My grandmother has been getting weaker by the day. She can’t talk anymore. The last picture I saw of her is really heartbreaking. I almost did not recognize her. I hope there’s still enough time left so that I would be able to see her still alive when I go home. I pray that she holds on a little bit more. I only got a month left in this island. Keep strong, ma!
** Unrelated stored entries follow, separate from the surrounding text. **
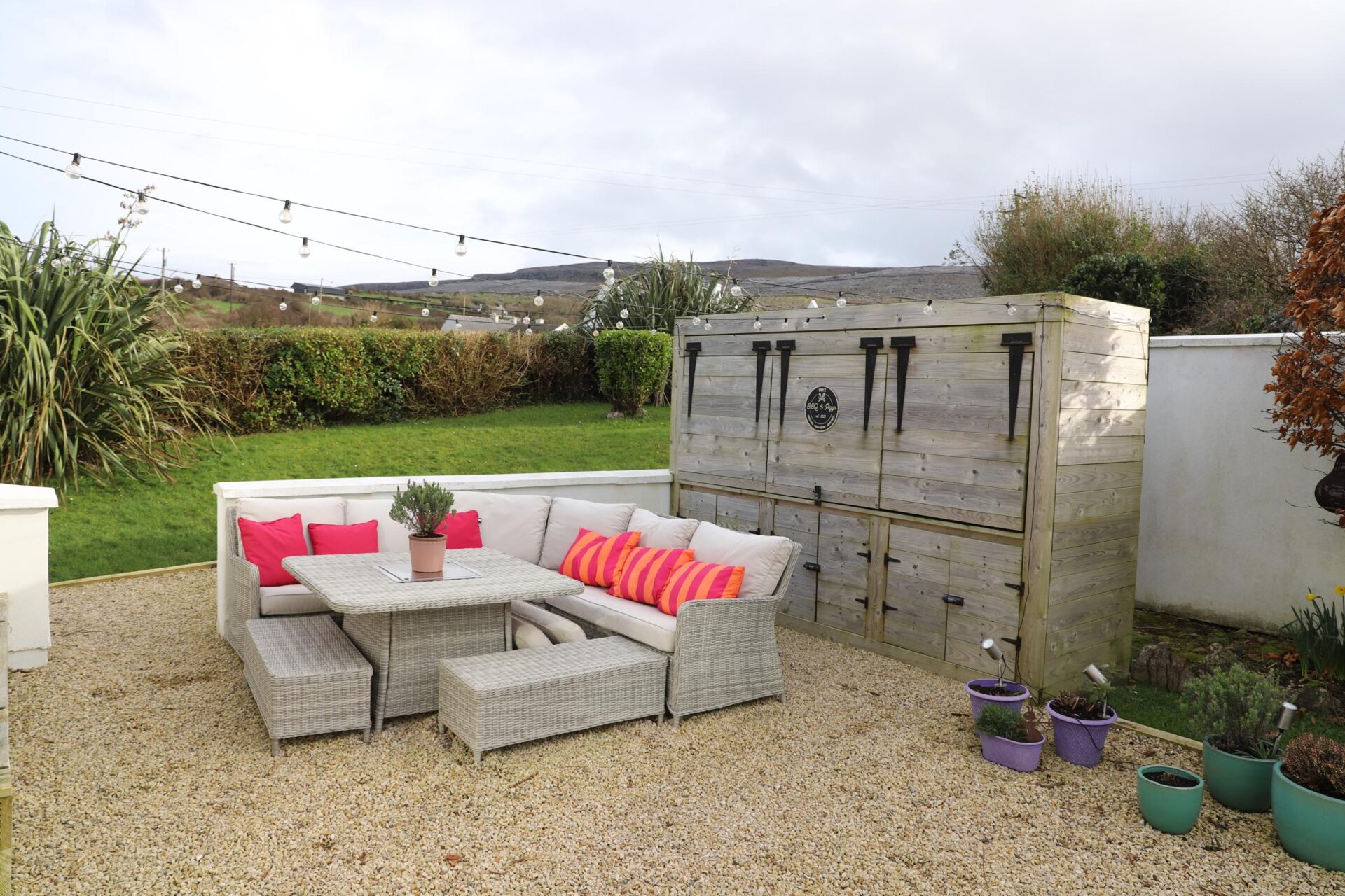 To the rear, the property truly shines with two private seating areas and an impressive outdoor kitchen space — ideal for entertaining while soaking in the surrounding views.
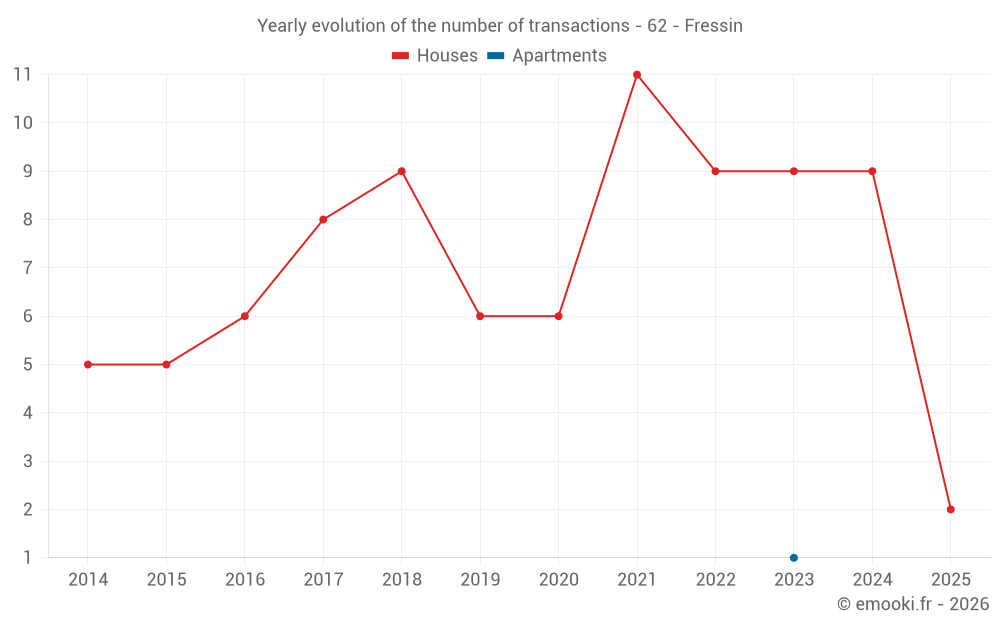The median price on the 15 house transactions of the last 24 months in the municipality of Fressin was 1 609 € per square meter for a median property value of 135 305 €. Over this period, 60% of transactions were between 895 and 2 178 € per square meter (from the 2nd to the 8th deciles).
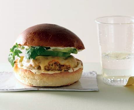 Spread buns with mayonnaise and assemble burgers with tomatillo, avocado, and cilantro.

My so-called friends. I don’t know what happened. I thought they were for keeps because they are the ones who were there when I was so down. I don’t know what I did or did not do. It’s just all of a sudden, I got a cold shoulder. I honestly don’t mind. I just feel bad that there is no friendship to keep anymore. I mean, I respect their opinion of me, if they think I’m not good enough to be their friend, then maybe, there was really no friendship to begin with. On the other hand, it’s good because it makes me appreciate the ones who still stuck with me. Who accepted me, flaws and all, just as I am, and makes me feel that really, no one is perfect. We would disappoint each other’s expectations from time to time and yet, real friends would choose to stay, and help you change for the better.
A person who I was hoping I was wrong about him. I’m not.
Oh well, it is what it is. Just enjoy the good days to the fullest because there would always be days when you feel like you just want to live under a rock until everything is going right again. I’m holding on to faith though. My miracle is just around the corner waiting to happen.